So, you argue that this is a security measure to protect systems that are already compromised with keyloggers? I... see, right... *backs away slowly*

Re:Of course there isn't a problem

[Anonymous Coward]

Worse than that, consider your same scenario where Package X suffers a critical vulnerability, but the sysadmin is on top of it so checks the system to make sure package X is not installed. Then the next day, random user or malicious user, installs package X without the sysadmin knowing.

Re:Users should not get to be root. PERIOD

[Jailbrekr]

That is irrelevent. I suspect that a vast majority of Fedora users use standard non root accounts, and only use root for doing system maintenance or installing packages.

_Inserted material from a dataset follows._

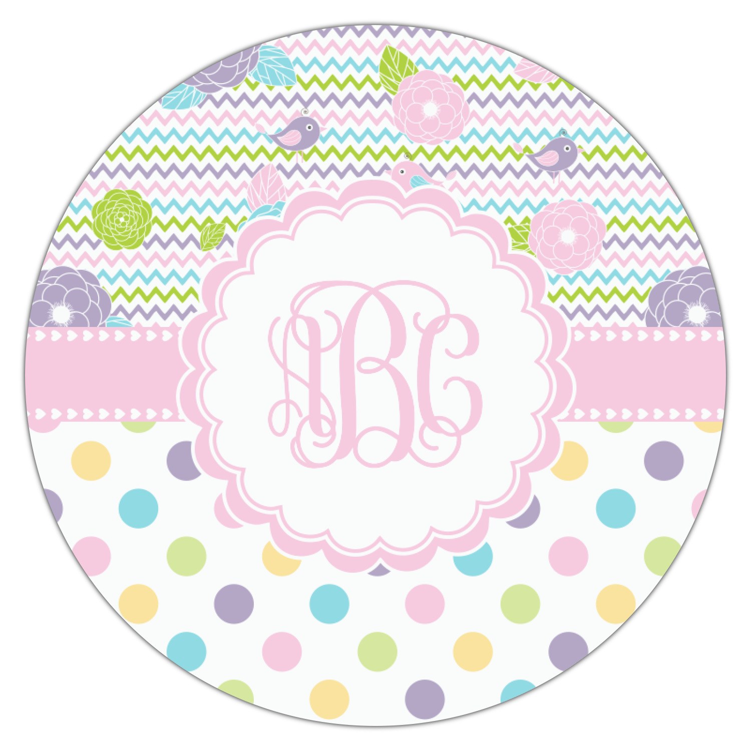 Looking for a classic girly girl design? You found it! It has everything that should please the girly girl. It has chevron, polka dots, flowers & birds along with an interlocking monogram and all done up in gorgeous pastel colors.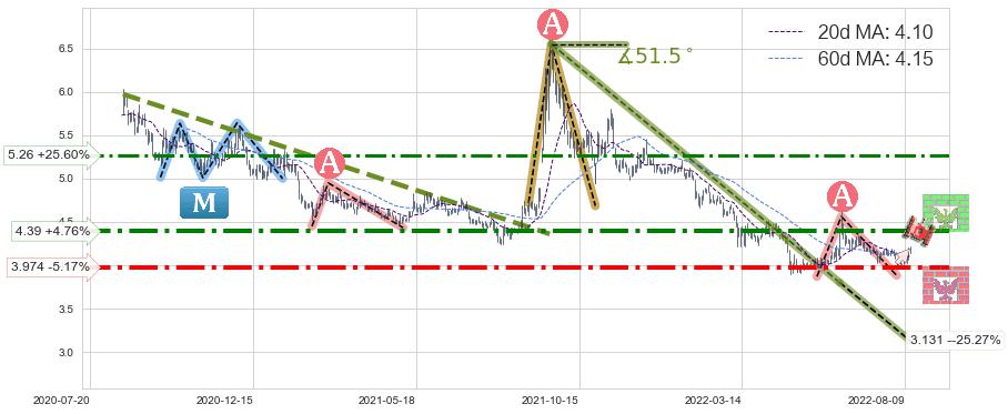 ♘ 阻力价格位4.39,可信任强度82.71%,距离最后交易2022-08-12形成的收盘价格4.19相差 +4.76%

To allow a non root user to in essence do root commands without prompting for a password just begs to be exploited. the risks that this default setup exposes far outweigh any benefits that may be gained. Is it really that hard to prepend your command with sudo?

Re:YAY!!!!

[Disgruntled Goats]

And yet when Microsoft included UAC in Windows Vista to address this very complaint they only got lambasted by you same Linux people. What hypocrisy.

Re:Users should not get to be root. PERIOD

[mweather]

What proportion have the admin and a hacker on a remote machine as the same person?

Re:It's obvious

[bmo]

The best rant against the Windows way of doing things from Tom Christiansen:

http://slashdot.org/comments.pl?sid=3291&cid=1395315 [slashdot.org]

No, I don't care that a customer asked for it. Customers are idiots, just like any other user. So what if they pay you? They're still idiots, and it's your professional responsibility to act responsibly, to refuse to go along with their madnesses. The customer is not always right. In fact, they're very often wrong. A physician or a lawyer doesn't do whatever the customer requests, and neither do you. They, meaning the customers or users, simply don't have the background and training;

Truer words were never spoken.

--
BMO

Re:This makes sense

[natehoy]

No, there is a significant difference between "running as Admin" and "installing a signed application without requiring root (Linux's Admin) authority".

The amount of authority granted depends on how many signing authorities you have decided to trust. If you trust only a server under your own control, for example, this could be really useful within an organization to allow users to install company-authorized packages without having to run around and install everything for everyone, while still preventing average users from doing anything to the machine.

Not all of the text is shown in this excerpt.